Lexical Scope

[Matt Knepley]

I must be misunderstanding how Python 2.3 handles lexical scoping.
Here is a sample piece of code:

def run():
a = 1
def run2(b):
print a
run2(2)
print a
run()

which gives the output:

1
1

whereas this piece of code:

def run():
a = 1
def run2(b):
a = b
print a
run2(2)
print a
run()

gives:

2
1

and finally this code bombs:

def run():
a = 1
def run2(b):
print a
a = b
run2(2)
print a
run()

with an error about UnboundLocal. It seems that lexical scope works
only for references, and as soon as I make an assignment a new local
is created. Is this true?

Matt

 

[Gary Herron]

I must be misunderstanding how Python 2.3 handles lexical scoping.
Here is a sample piece of code:

The rule is this simple:

An assignment to a variable *ANYWHERE* within a block of code makes
that variable local *EVERYWHERE* within that block, possibly hiding
variables of the same name in outer scopes.

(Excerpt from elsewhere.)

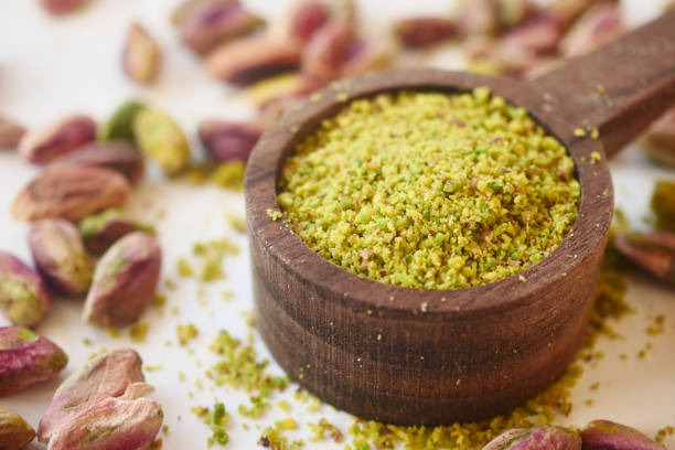 Let yourself be charmed by the aromatic elegance of our organic Brontë PDO pistachios flour, a Sicilian jewel grown on the volcanic slopes of Mount Etna.

That rule will explain all three of your examples.

Gary Herron

 

[Werner Schiendl]

Hi,

It seems that lexical scope works
only for references, and as soon as I make an assignment a new local
is created. Is this true?

Yes (short answer)


If you really need to modify some variable in an outer scope you can
use a mutable object for that kind of thing, like so:
.... a = [1]
.... def run2(b):
.... print a[0]
.... a[0] = b
.... run2(2)
.... print a[0]
.... 1
2

Or you can use a global variable like so:
.... global a
.... a = 1
.... def run2(b):
.... global a
.... print a
.... a = b
.... run2(2)
.... print a
.... 1
2


It depends on what you are trying to accomplish


hth

Werner

 

[Paul Clinch]

From the language lawyers section of python doc.s :-

"If a name is assigned to anywhere in a code block (even in
unreachable code), and is not mentioned in a global statement in that
code block, then it refers to a local name throughout that code
block."

Try:-

def run():
a = 1
def run2(b):
global a
print a
a = b
run2(2)
print a
run()